Ensemble Ambrosius is a Finnish chamber music group that plays modern music on baroque instruments. It originated in 1995 when three music students performed music of Frank Zappa at a school concert. They added a fourth member and began touring in 1997, adding original music to their repertoire.
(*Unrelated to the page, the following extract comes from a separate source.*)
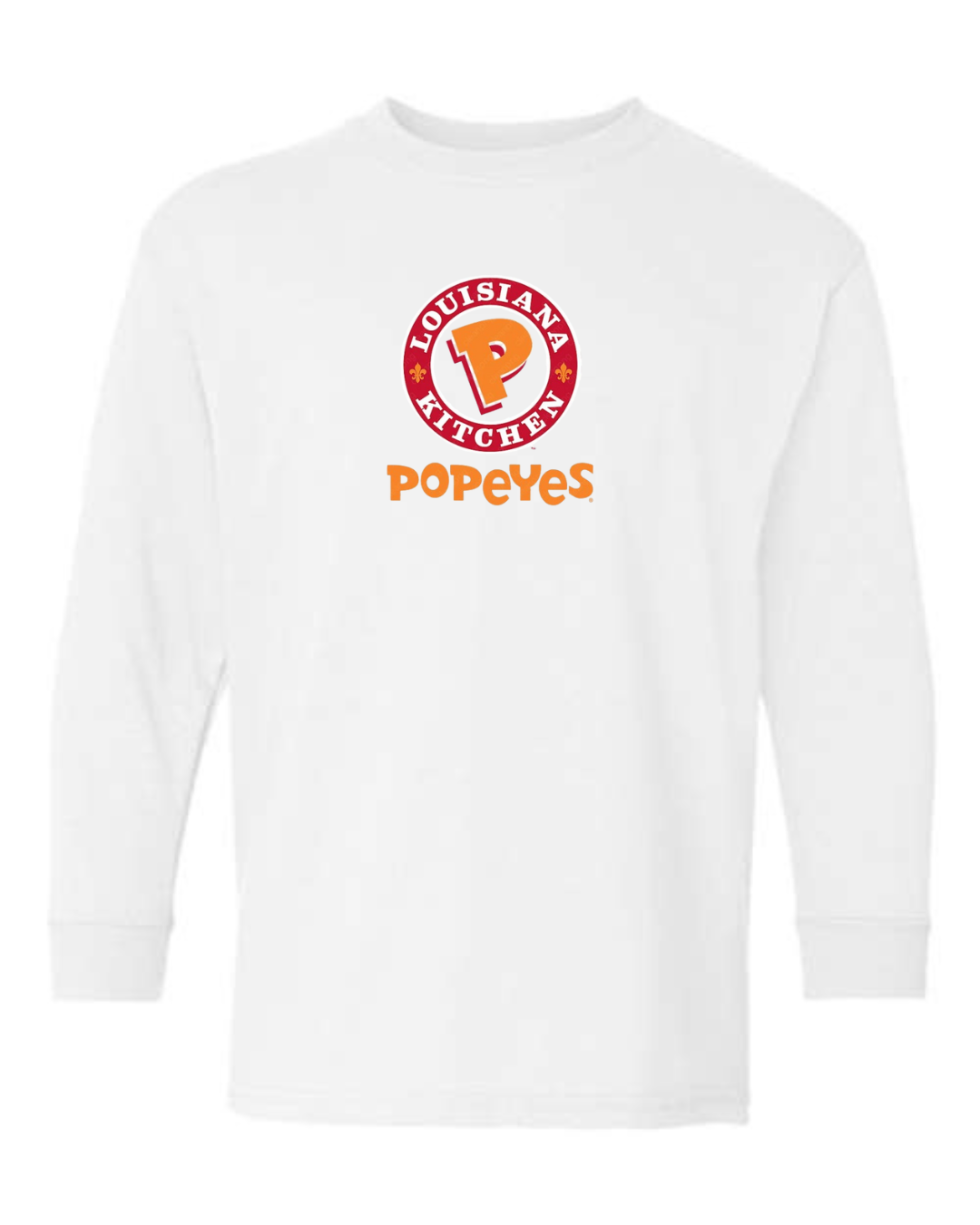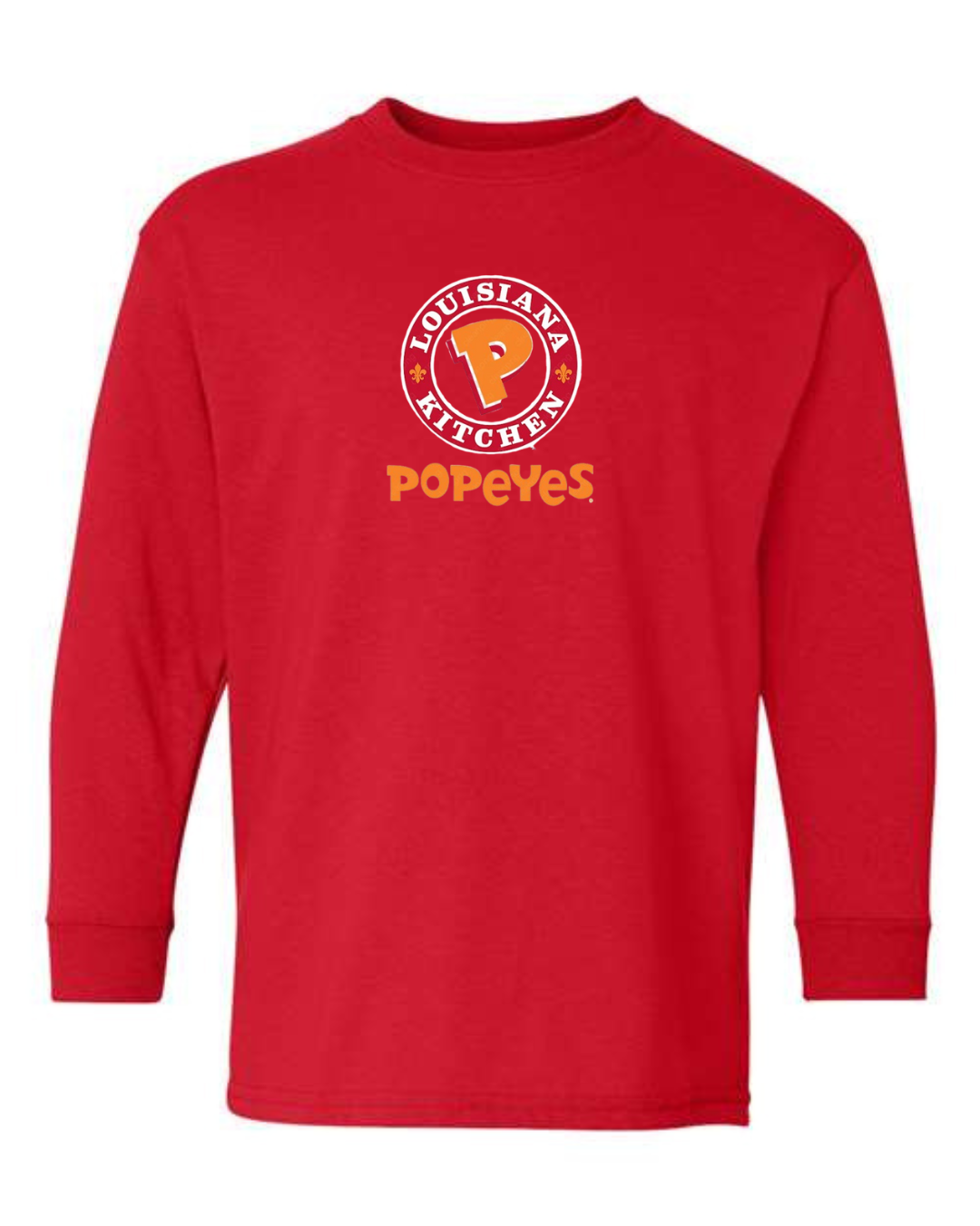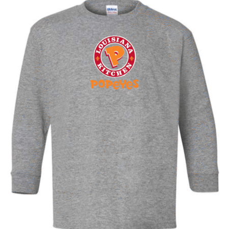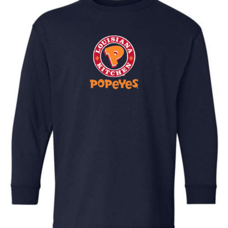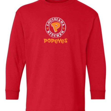 Bold, fun, and instantly recognizable, this youth Popeyes logo long sleeve shirt features the classic Popeyes Louisiana Kitchen emblem on the front for a clean, playful look. Perfect for kids who love iconic food brands and casual streetwear style, this long sleeve tee is great for everyday wear.

They have since increased to eight members and have produced two albums, The Zappa Album, and Metrix, the latter being original compositions blending classical, jazz, and rock.

== Members ==
=== Current members ===
- Olli Virtaperko (cello)
- Ere Lievonen (harpsichord)
- Eira Karlson (violin)
- Eija Kankaanranta (kantele)
- Susanne Kujala (organ)
- Veli Kujala (accordion)
- Joni Leino (drums)

=== Past members ===
- Jonte Knif (keyboards etc.)
- Matti Vanhamäki (baroque violin)
- Anni Haapaniemi (baroque oboe)
- Jani Sunnarborg (baroque bassoon)
- Tuukka Terho (archlute)
- Ricardo Padilla (percussion)
- Jasu Moisio (baroque oboe, 1995–2000)

==Albums==
===The Zappa Album===
(Bis Records BIS-NL-CD-5013, 2000)
1. Night School
2. Sofa
3. Black Page #2
4. Uncle Meat
5. Igor's Boogie
6. Zoot Allures
7. Big Swifty
8. T'mershi Duween
9. Alien Orifice
10. The Idiot Bastard Son
11. Rdnzl
12. The Orange County Lumber Truck
13. Echidna's Arf (Of You)
14. Inca Roads
15. G-Spot Tornado

===Metrix===
(Ambrosius Entertainment AMBRACD 002, 2002)
1. Wällkommen II (Virtaperko & Knif)
2. Pienet sienet (Knif)
3. John (Virtaperko)
4. USO (Knif)
5. Momentum (Ensemble Ambrosius)
6. Metrix (Virtaperko)
7. Laiska Anni (Virtaperko)
8. Hymni (Virtaperko)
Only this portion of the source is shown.